We're looking for an algorithm that can be broken down into two tracks:

  • Fast memory based filter over the epochs with O(E) complexity
  • Slow disk based lookup over committees of epochs found by fast track, should have O(C ) complexity

The fast track could probably be improved by the cost of a few gigabytes stored in memory which could significantly reduce its complexity e.g. to O(1) or near that margin. In that case we would have O(C ) scan over slow disk storage which could run in a background.

Bear in mind update complexity as well. Index of a fast track should have relatively small complexity of updates to handle A attestation messages per slot.

Numbers

A good margin for slashing condition detection is:

  • E = 54,000 epochs in a weak subjectivity period
  • V = 300,000 active validators
  • C = 2,048 Phase 1 spec with shards and V = 300,000
  • N = 110,970,000 distinct attestation messages in the best case, which is ~84G worth of data; bear in mind amplification factor caused by forks, thus, size of data could be 2X larger
  • A = ~10_000 attestation messages per slot

Design Overview

  • On attestation

    • check for double vote

      • map vote on a node in the index
      • check if there is an intersection between validator indices of the attestation and indices from validator bitfield
      • get hashes for all distances of the node if intersection exists
      • within retrieved hashes run a disk lookup to find proper IndexedAttestation and fire a slashing message
    • check for surrounding vote

      • scan index starting from source + 1 til target - 1 to look for votes surrounded by received attestation
      • scan index starting from target + 1 til current_epoch to look for votes surrounding received attestation
      • for each node being scanned use validator bitfield to filter out validators that has no votes for a target of this particular node
      • find distances satisfying to surrounded or surrounding conditions
      • get hashes for matched distances
      • run a disk lookup with these hashes to find proper IndexedAttestation and fire a slashing message
    • update index

      • convert (source, target) into (target_idx, d)
      • if d is unique for the node add it to the list of distances
      • update attestation data hashes with a new hash
      • update validators bitfield with new indices
      • update disk storage; it is required only if hash does not exist in the list and there are new validator indices wrt validator bitfield
  • On new epoch

    • update current_epoch
    • set current_epoch_idx = (current_epoch_idx + 1) % N
    • clear node corresponding to updated current_epoch_idx
    • erase outdated IndexedAttestation objects from disk

Parameters

Beacon chain spec version v0.9.1

Parameter Value
shards 64
slots 32
validators 300,000
epochs 54,000

All calculations are done for Phase 1. In most cases Phase 0 sizes should be less by a factor of 64 which is the expected number of "crosslinks".

Surrounding votes

Problem

Upon receiving an attestation we want to know whether its FFG vote surrounds or is surrounded by the vote of other attestations that were received previously. If surrounding is found we want to get IndexedAttestation objects of both conflicting attestations and fire a slashing condition.

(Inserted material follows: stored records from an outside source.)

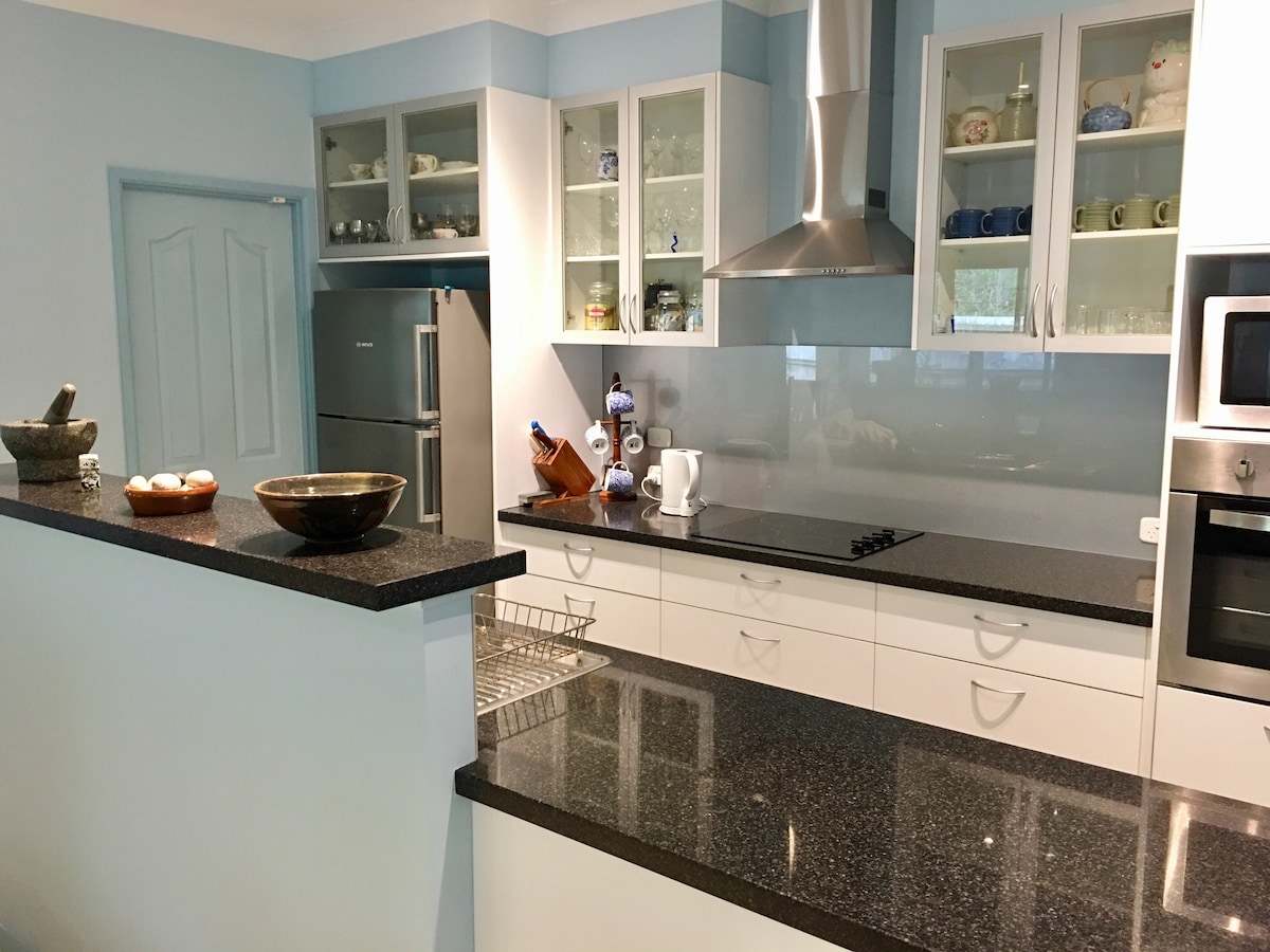 Una suite de invitados recién renovada cerca de paseos costeros, pistas de ciclismo y una cafetería. Ideal para una escapada acogedora. La suite con entrada independiente es totalmente independiente y tiene un ambiente hogareño y moderno. El dormitorio independiente tiene una cama tamaño king y se abre al salón y al comedor con vistas al jardín. Tus anfitriones (Mark y Kathy) viven en el lugar; sin embargo, la suite de invitados es privada, con su propia entrada.
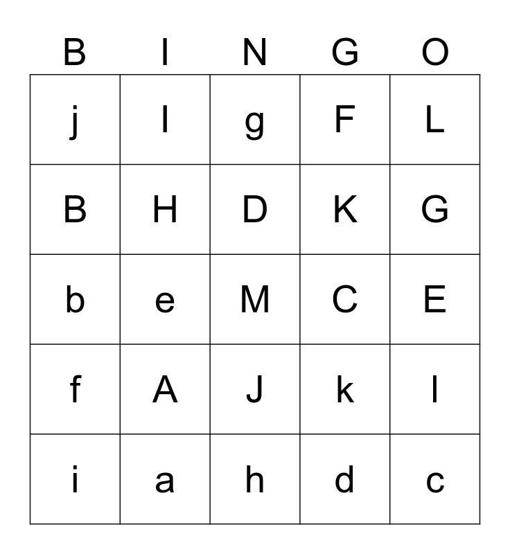 This bingo card has a free space and 24 words: A, a, D, i, L, j, B, I, C, J, K, b, k, l, H, d, E, g, G, e, c, f, F and h.
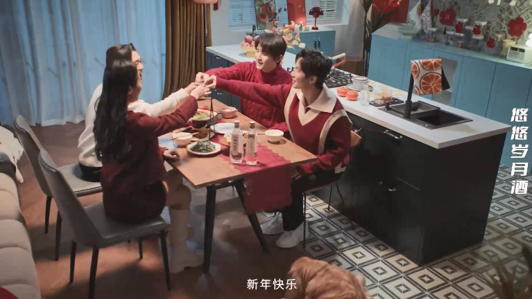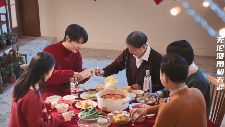 在风格上,这支春节短片为了将“沱牌聚年味,美好到万家”的主基调完美呈现,大到演员的妆发服饰和各种阖家团聚的环境构建,小到饭桌上一盘盘香味扑鼻的美味佳肴和一句句耳熟能详的嘘寒问暖,以及一瓶瓶绵甜爽净、香味谐调的至臻佳酿,都让融入满满中国年味的喜庆元素,拥有令观众一秒代入其中的魅力。
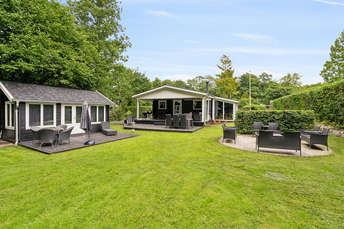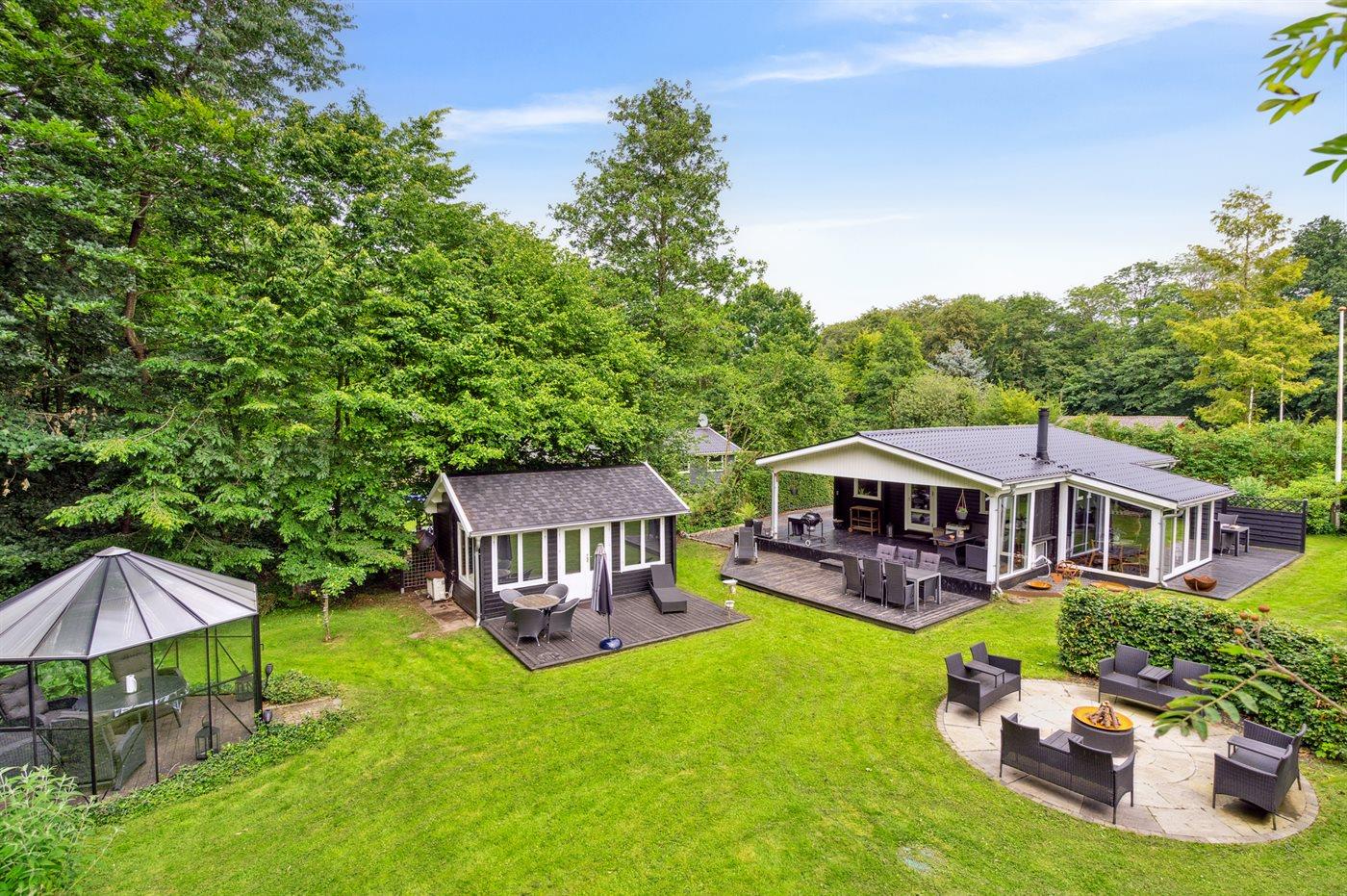 Hyggeligt sommerhus nær børnevenlig strand og golfbane i Aabenraa med moderne faciliteter og stor have.

A period of time during which it makes sense to check attestation for slashing condition is called weak subjectivity period. According to Casper FFG paper this period equals to a number of epochs during which 2/3 validators from current validator dynasty are able to withdraw. It is 54K epochs in the worst case.

It means that we have to do fast lookups accross ~110M aggregated attestations in the best case (for 300K validators in Phase 1). In bytes it would be ~84G of (uncompressed) data.

Votes Cache

An alternative to the index suggested by @protolambda (https://github.com/protolambda/eth2-surround#min-max-surround) which is O(1) on lookup and O(N) on update. New approach has O(1) update time and O(N) search time, where N is a number of epochs. Due to relatively low MAX_N=54K scan time of entier index is negligible (~0.01 millis on core i7 laptop, details). Hence, these two approaches are pretty similar in terms of performance.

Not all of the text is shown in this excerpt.